02 septembre 2004

Réalité virtuelle 

Je suis obligé de le reconnaître : les tribunes d'Alexandre Adler sont marginalement supérieures au tout venant de l'analyse figaroesque. Mais il semble que notre ami intellectuel de l'espèce rare des chiraco-likoudophiles a un peu de mal à cerner le personnage de George W. Bush :
Il y a enfin chez George Bush les meilleures qualités d'un aristocrate de la Nouvelle-Angleterre : une courtoisie et une dignité sans failles, un respect de l'adversaire, un sens de l'humour et de l'autodérision que l'on semble ignorer en Europe, une tolérance pour les points de vue opposés aux siens propres, une grande loyauté envers tous les membres d'une équipe qui n'aura connu qu'une défection en quatre ans de crise – celle du premier ministre des Finances.
La courtoisie et la dignité sont pour le moins contestables, à moins que le sens profond de "major league asshole" ne m'ait échappé ou que l'expression "sans failles" signifie en adlérien "sans failles sauf toutes les fois où ce n'est pas le cas". Le sens de l'humour est pareillement contesté, d'autant que l'autodérision bushienne ne se déploie vraiment qu'au cours de discours que Bush n'écrit évidemment pas lui-même. La loyauté envers les membres de son équipé est la façon charitable de dire que Bush a une tendance profonde à ne jamais, jamais, admettre ses erreurs et qu'il n'a pas le courage de renvoyer ses collaborateurs incompétents. Et la "tolérance pour les points de vue opposés aux siens propres" provient tout droit d'un univers parallèle qu'Adler doit être le seul autorisé à fréquenter.

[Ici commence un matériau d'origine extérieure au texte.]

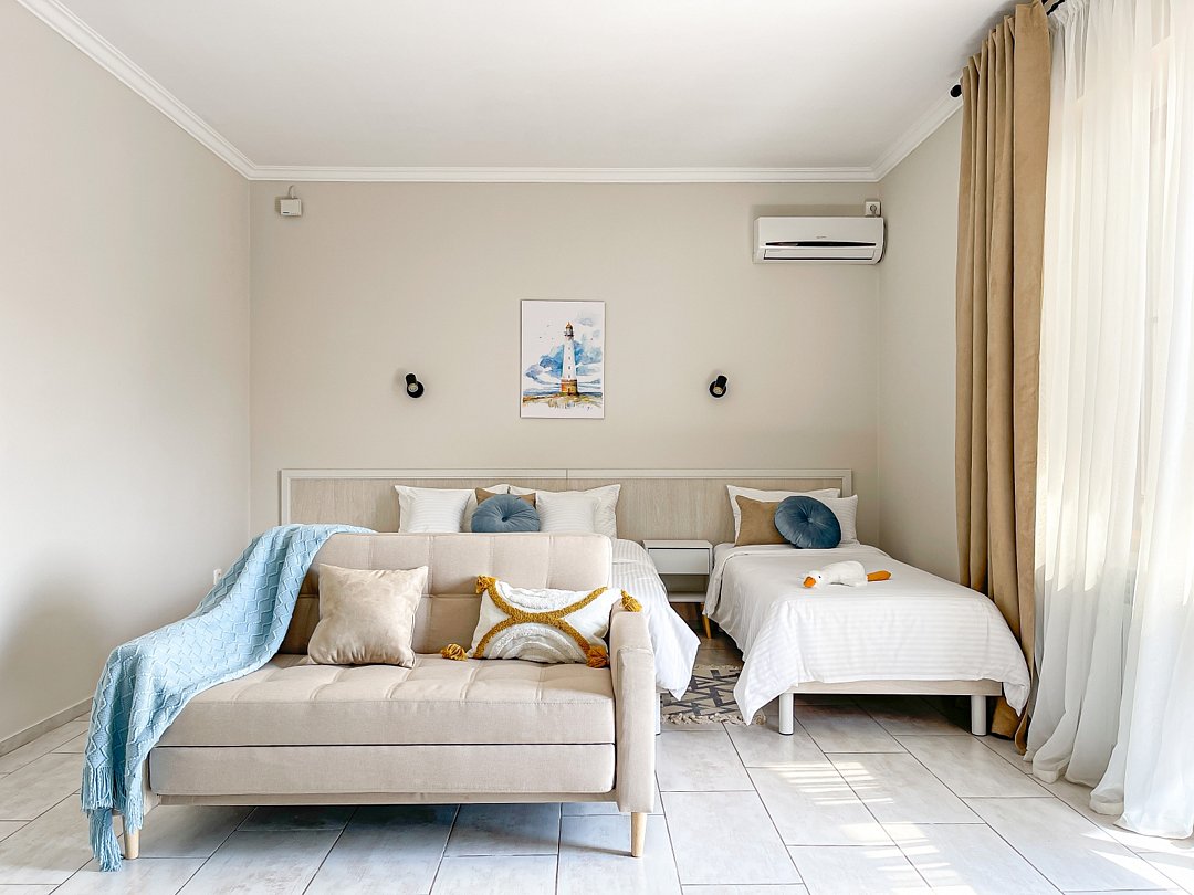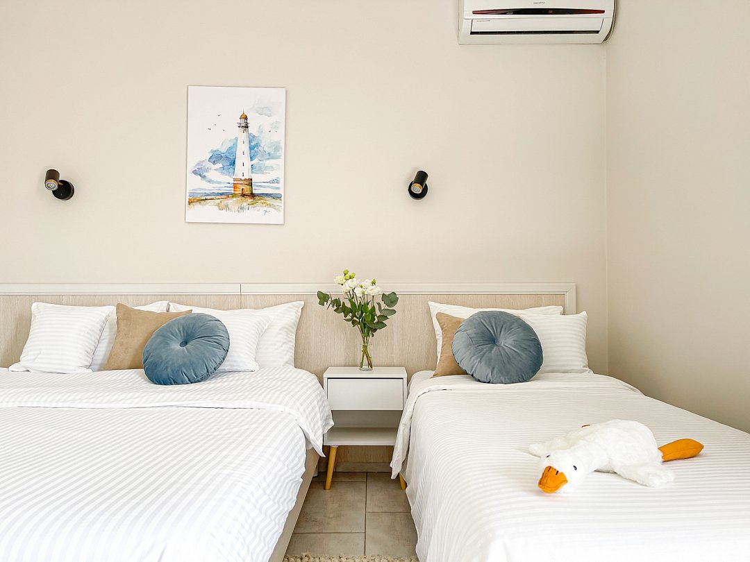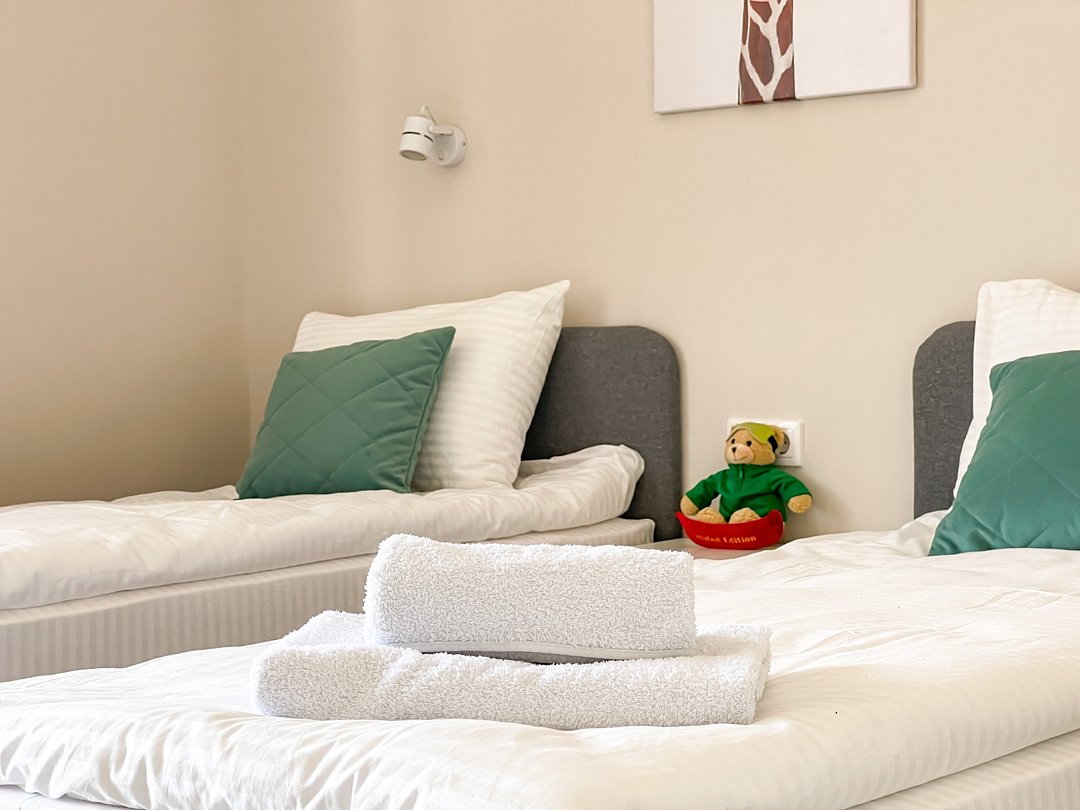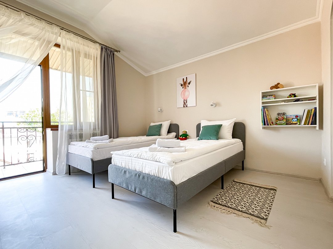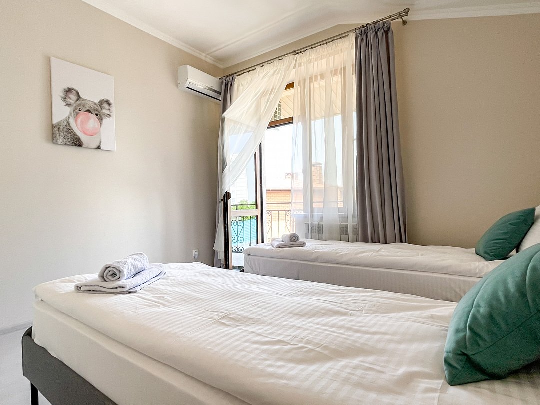 2 односпальных или двуспальная кровати + диван-кровать - основное место, с/у, душ, ТВ.
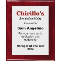 10.5x13 Logo Plaque - Silver or Gold Plate -ROSEWOOD PIANO FINISH HIGH GLOSS Plaque - Includes 1 FREE LOGO - PRODUCTION TIME OF 4-7 DAYS - MINIMUM ORDER OF 6 -
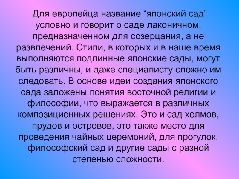 предназначенном для созерцания, а не развлечений. Стили, в которых и в наше время выполняются подлинные японские сады, могут быть различны, и даже специалисту сложно им следовать. В основе идеи создания японского сада заложены понятия восточной религии и философии, что выражается в различных композиционных решениях. Это и сад холмов, прудов и островов, это также место для проведения чайных церемоний, для прогулок, философский сад и другие сады с разной степенью сложности.
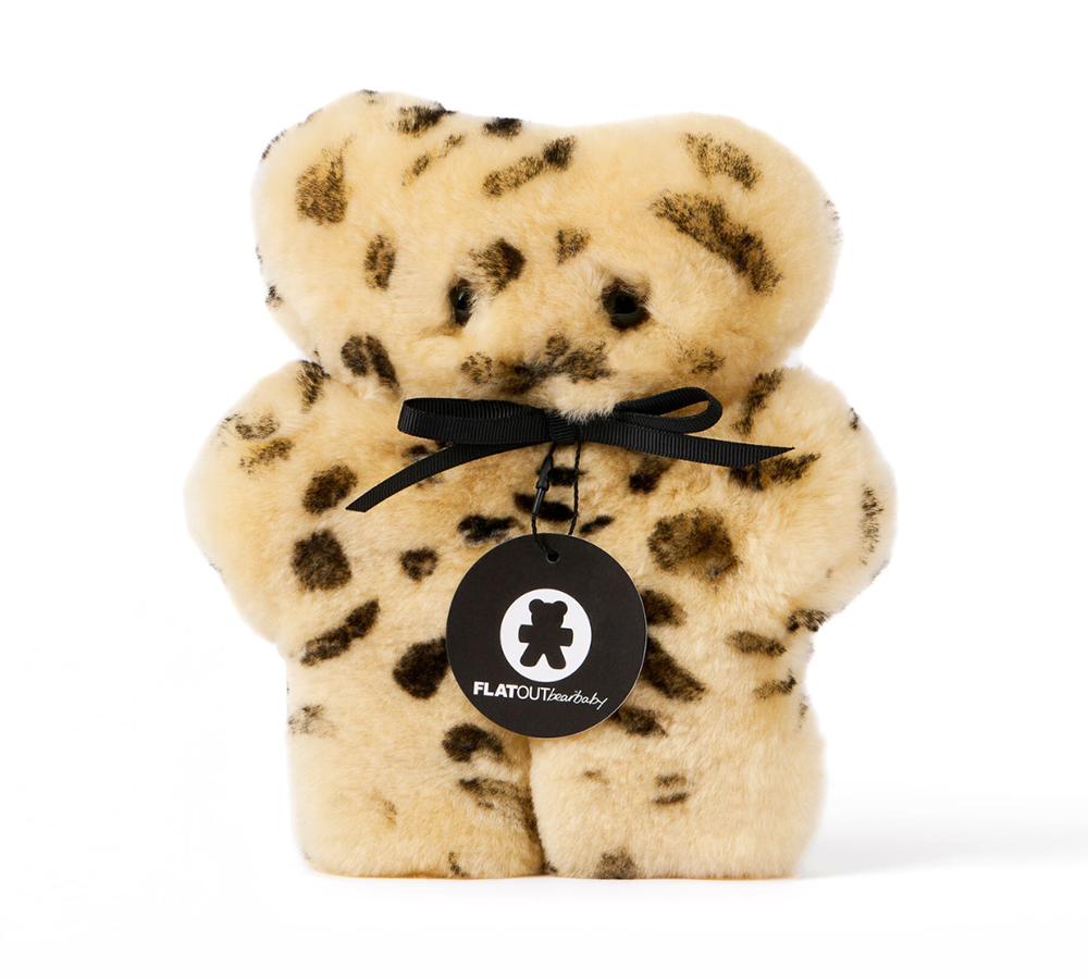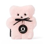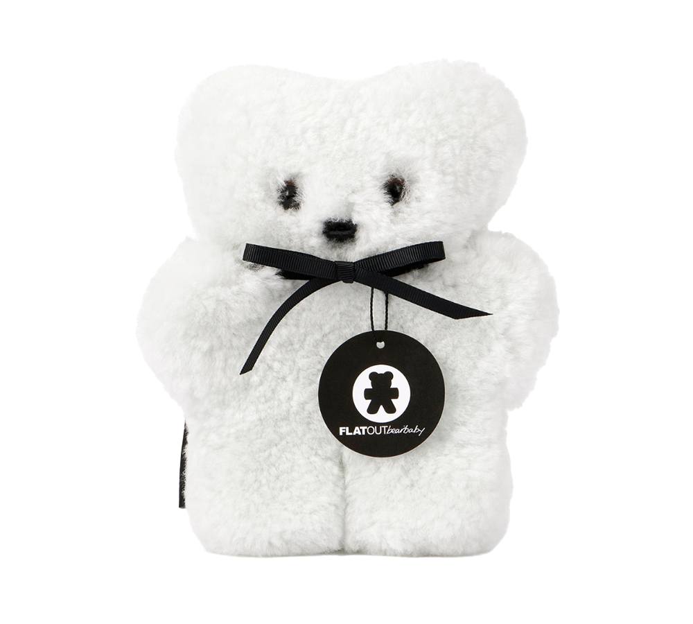 - A soft baby sheepskin bear with a plush, cloud-like texture.
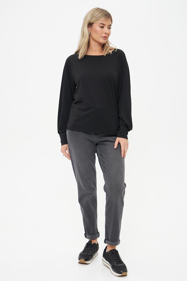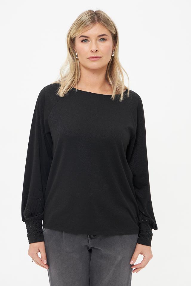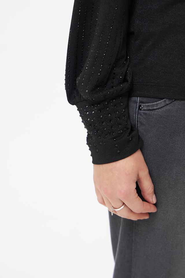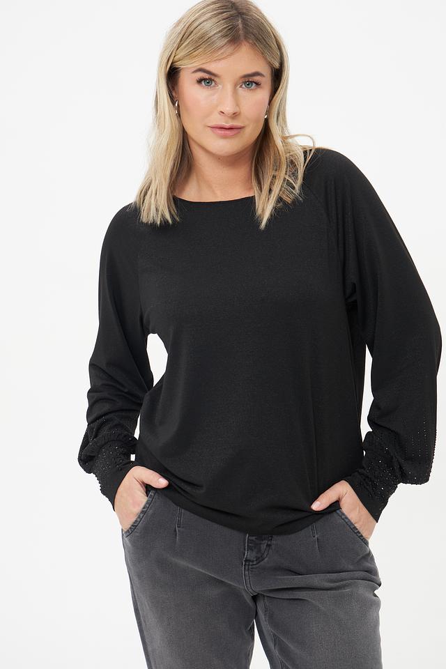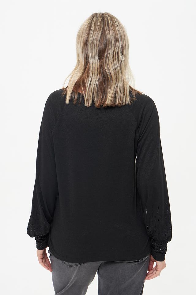 Чёрная блуза Monari с длинными рукавами и декоративной отделкой на манжетах. Изготовлена из сочетания полиэстера, вискозы и метализированного полиэстера, обеспечивающего комфорт и элегантный вид. Состав: полиэстер 49%, вискоза 26%, метализ.полиэстер 22%, эластан 3%
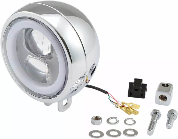 LED Headlight With Tight Metal Housing, E-Marked Position and Parkinglight (Angel Eye), Drivinglight and High Beam, Highly Vibration- And Waterresistant
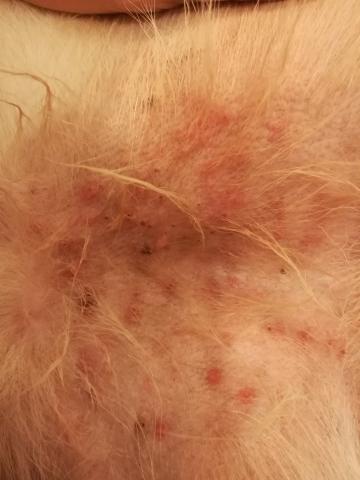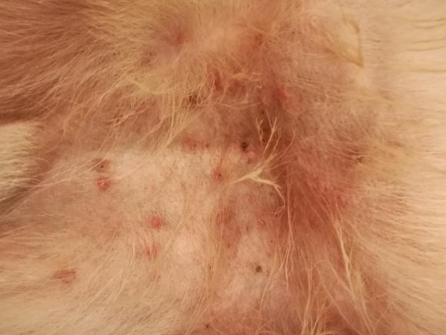 Здравствуйте.У нас ещё одна проблема появилась:на пузе(только справа),нигде больше, появились высыпания.Я особо не обращала внимания,но,скорее всего,пару дней назад.Ел натуральную пищу(каша с мясом,творог,кефир).В выходные сделали прививки.Барс на холку капала.Вроде ни блох,ни гнид не видно.Сильно линяет,иногда почесывается.Что это может быть и стоит ли бежать к ветеринару?

Cela dit, le reste de la tribune d'Adler n'est pas si mauvais. A part une équivalence malhonnête entre le service militaire héroïque de Kerry et celui, chaotique, de Bush. Et la référence aux "milliardaires" que seraient Bush et Kerry, ce qui est manifestement faux à moins qu'Adler ne continue à compter en roubles. Et l'affirmation selon laquelle Bush aurait mené une "politique tempérante et responsable vis-à-vis de l'Amérique latine", un jugement légèrement mise à mal par l'attitude de Washington au cours du coup d'Etat au Venezuela en 2002. Et sa lecture de la politique intérieure bushienne comme préparant un retour aux valeurs et aux principes du New Deal, vision tellement risible qu'elle en devient embarassante.

Mais Adler a au moins le "courage moral" de défendre George W. Bush auprès d'un public français qui, à l'exception de Pierre Lellouche, est peu disposé à entendre ses arguments. Dommage qu'il se dégonfle à la fin, au bout d'un argumentaire complétement tiré par les cheveux, en souhaitant quand même la victoire de Kerry. Il devrait suivre l'exemple de Michael Bérubé qui, lui au moins, assume jusqu'au bout ses opinions de converti.